If $X, Y$ are metric spaces and $f: D \subseteq X \longrightarrow Y$ is a function. What should be the definition of a bounded function?
My try:
The function $f$ is bounded if $\quad \exists$ $r>0 $ such that $ \forall$ $x, y\in D \quad d(f(x), y)<r$.
I don´t know if it´s correct my definition. Any suggestions would be great!
On
The definition you proposed is not correct.
First, it is not even well defined as $y$ belongs to $D$ the domain, while $f(x)$ belongs to the codomain.

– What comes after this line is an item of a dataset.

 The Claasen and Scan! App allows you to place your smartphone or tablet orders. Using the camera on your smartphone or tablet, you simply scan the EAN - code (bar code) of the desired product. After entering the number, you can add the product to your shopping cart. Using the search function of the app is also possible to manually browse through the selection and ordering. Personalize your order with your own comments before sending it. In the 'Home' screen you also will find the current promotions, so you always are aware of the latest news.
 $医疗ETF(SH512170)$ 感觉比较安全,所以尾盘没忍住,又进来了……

Hence $d(f(x),y)$ may not be properly defined.
Second you can use following definition: it exists $y_0 \in Y$ and $r >0$ such that for all $x \in D$, $d(f(x),y_0) \le r$.

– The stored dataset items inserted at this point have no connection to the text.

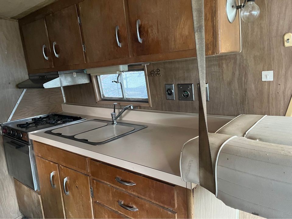 I remember, as a kid, these were the 1st motorhomes we saw in campgrounds. It was such a radical concept as opposed to our “pulled” campers. It seemed so convenient, just pull in, no disconnecting and rehooking, seemed like a better way to go. Eventually, the old man DID do the motorhome thing with the square Winnebago types. This is an okay find, in that, this old gal should make one more trip, to it’s final resting spot on some lot in the UP,, overlooking some pristine lake, no internet/TV/phone,,that’s right, no worries and as the world continues to deteriorate, sounds better and better to me everyday. I’d be in for a grand,,,
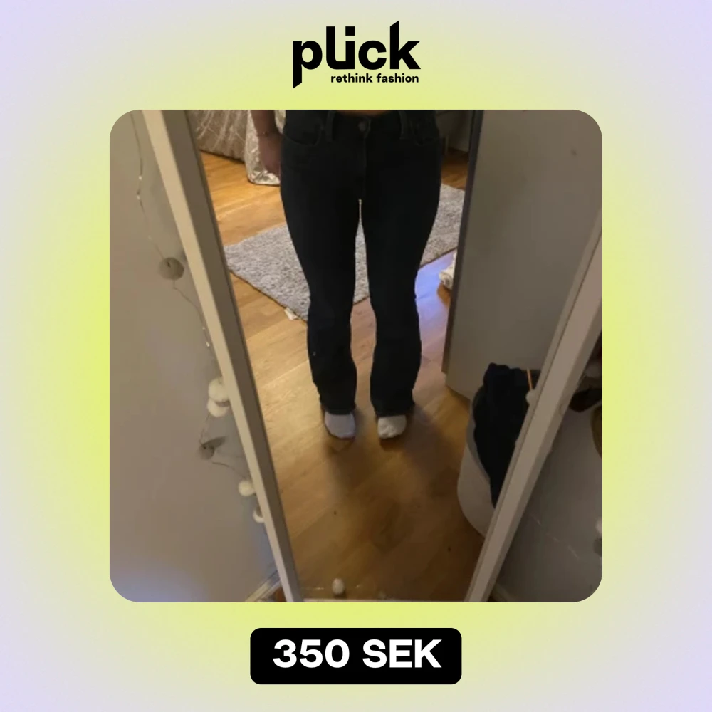Hög midjade flared Levis jeans. Mörkblå, slitna längst ner men inget annat, säljer då dem inte är min stil längre. Pris kan diskuteras vid snabb handel. Storlek 29 men passar mer som en 27/28, är lite stora på mig som brukar ha 26/27. Köpta för≈900
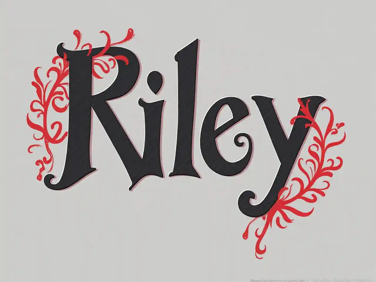 Nimi Riley kirjoitettu mustalla ja punaisella kalligraafilla harmaalla taustalla.
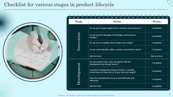 This slide covers key points that should be checked for product in different stages of product lifecycle. This purpose of this slide is to provide information about key factors that are must for all products. It includes stages such as innovation, development, etc. Want to ace your presentation in front of a live audience Our Checklist For Various Stages In Product Lifecycle Comprehensive Guide To Product Lifecycle Diagrams Pdf can help you do that by engaging all the users towards you. Slidegeeks experts have put their efforts and expertise into creating these impeccable powerpoint presentations so that you can communicate your ideas clearly. Moreover, all the templates are customizable, and easy to edit and downloadable. Use these for both personal and commercial use. This slide covers key points that should be checked for product in different stages of product lifecycle. This purpose of this slide is to provide information about key factors that are must for all products. It includes stages such as innovation, development, etc.

I would rather say $$\exists r > 0 \text{ such that } \forall x,y \in D, \text{ } d(f(x),f(y)) < r$$
Or equivalently $$ \exists y \in Y,\text{ } \exists r > 0 \text{ such that } \forall x\in D, \text{ } d(f(x),y) < r$$ Or equivalently $$\forall y \in Y, \exists r > 0 \text{ such that } \text{ } \forall x\in D, \text{ } d(f(x),y) < r$$